> [Your instructions] Wherever a picture appears in the listing, leave it out, and copy the rest exactly.

> [Data segment]
*** Block opens ***

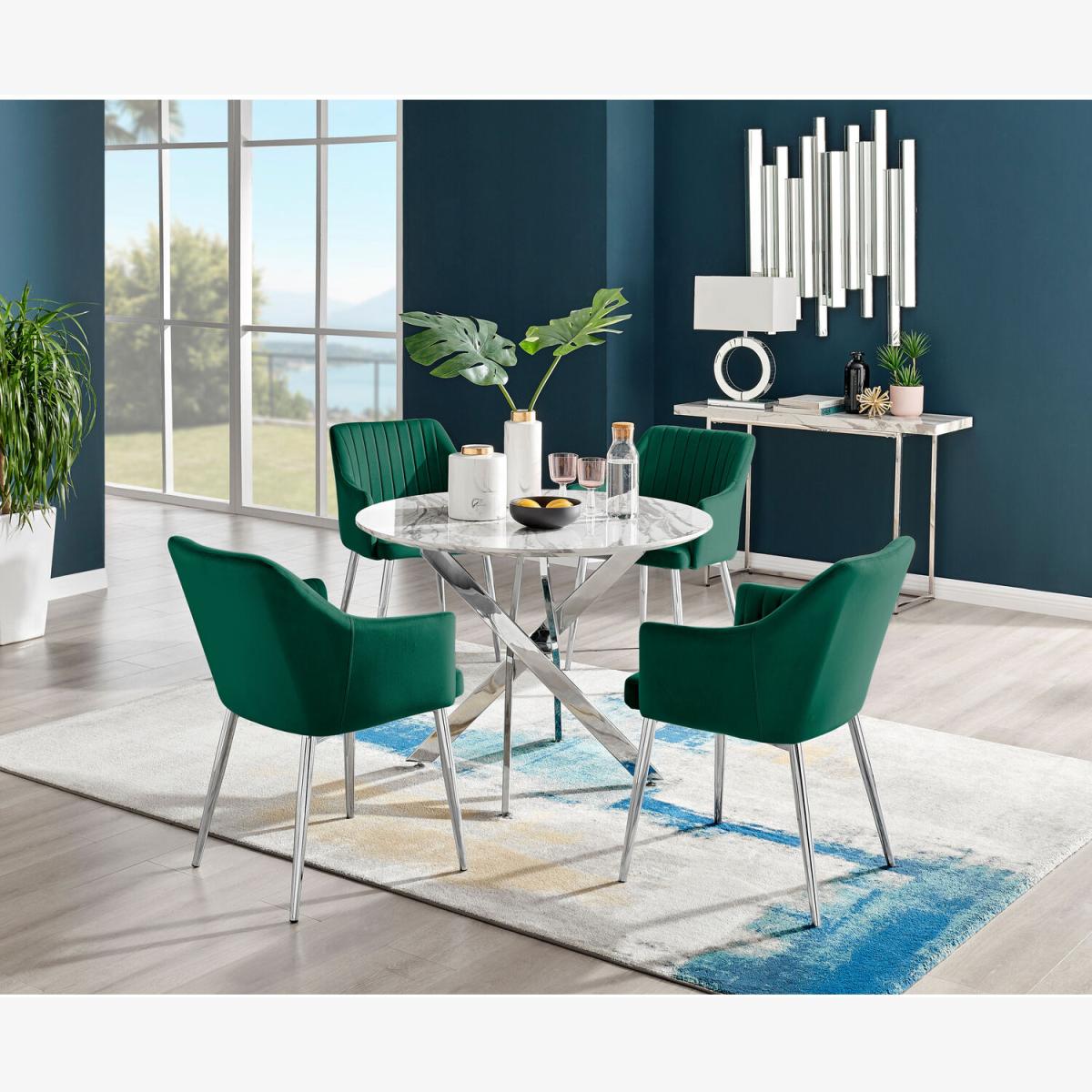 Our popular Novara round dining table here combines a super modern white marble effect tabletop with shiny silver chrome legs in an eye-catching nested starburst design. A sleek and minimalist dinner table that will bounce light around your dining area and create a sense of space. At 100cm across, this table is perfect for smaller spaces and more intimate, relaxed dining. Seats 2 - 4, making this a great family table that will suit any modern home. The strong metal legs not only make this table a real central feature for your room but keep it sturdy. The white marble effect veneer is very on-trend right now and easy to wipe clean too, meaning your Novara will stay looking great for years to come.
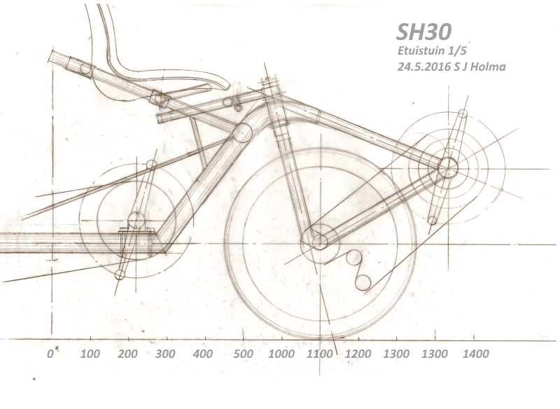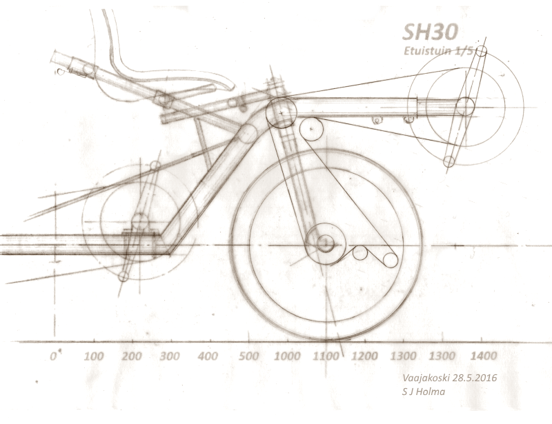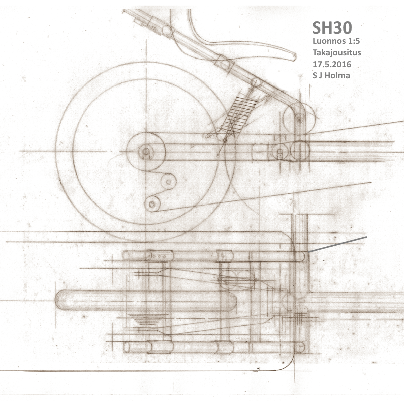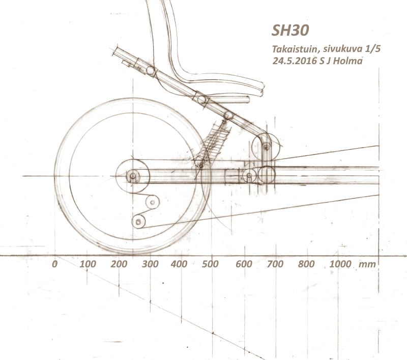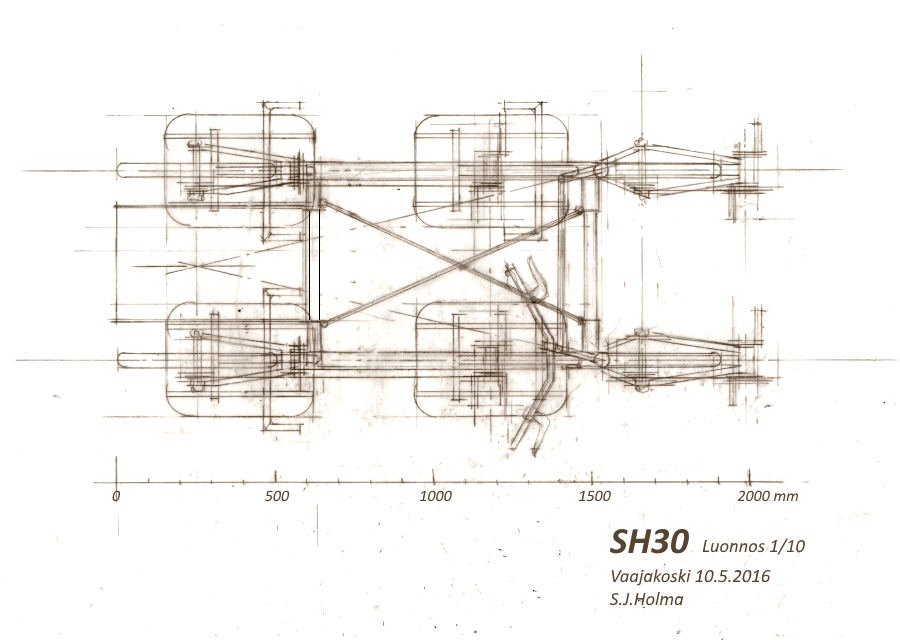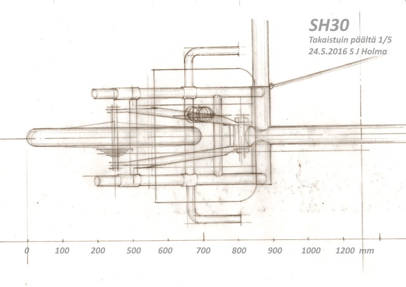 Olen kehitellyt ja piirrellyt SH30:n yksityiskohtia. Jottei homma menisi liian monimutkaiseksi ja painavaksi, ajattelin jättää pois etuistuinten jousituksen.
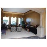 You may also expect a very grand furniture which fits very well within these 18ft ceilings, with a majestic Master Bedroom four post King bed on platform, with matching marble top nightstands, chest of drawers and a dresser with mirror. There is another bedroom set - Queen size in the guest bedroom - which also includes a matching dresser, chest and nightstands. There are quite a few oversized L-shaped sofas spread out throughout the house, as well as different accent chaird and recliners, that will be available for sale.
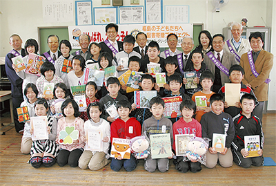 4月19日、厚木中ロータリークラブ(藤川孝幸会長・会員数46)の会員有志10人が創立35周年記念事業の一環として子どもたちに図書を贈るために福島県会津若松市河東にある旧河東第三小学校を訪れた。

*** Block closes ***

> [Result of this task]
 Our popular Novara round dining table here combines a super modern white marble effect tabletop with shiny silver chrome legs in an eye-catching nested starburst design. A sleek and minimalist dinner table that will bounce light around your dining area and create a sense of space. At 100cm across, this table is perfect for smaller spaces and more intimate, relaxed dining. Seats 2 - 4, making this a great family table that will suit any modern home. The strong metal legs not only make this table a real central feature for your room but keep it sturdy. The white marble effect veneer is very on-trend right now and easy to wipe clean too, meaning your Novara will stay looking great for years to come.
 Olen kehitellyt ja piirrellyt SH30:n yksityiskohtia. Jottei homma menisi liian monimutkaiseksi ja painavaksi, ajattelin jättää pois etuistuinten jousituksen.
 You may also expect a very grand furniture which fits very well within these 18ft ceilings, with a majestic Master Bedroom four post King bed on platform, with matching marble top nightstands, chest of drawers and a dresser with mirror. There is another bedroom set - Queen size in the guest bedroom - which also includes a matching dresser, chest and nightstands. There are quite a few oversized L-shaped sofas spread out throughout the house, as well as different accent chaird and recliners, that will be available for sale.
 4月19日、厚木中ロータリークラブ(藤川孝幸会長・会員数46)の会員有志10人が創立35周年記念事業の一環として子どもたちに図書を贈るために福島県会津若松市河東にある旧河東第三小学校を訪れた。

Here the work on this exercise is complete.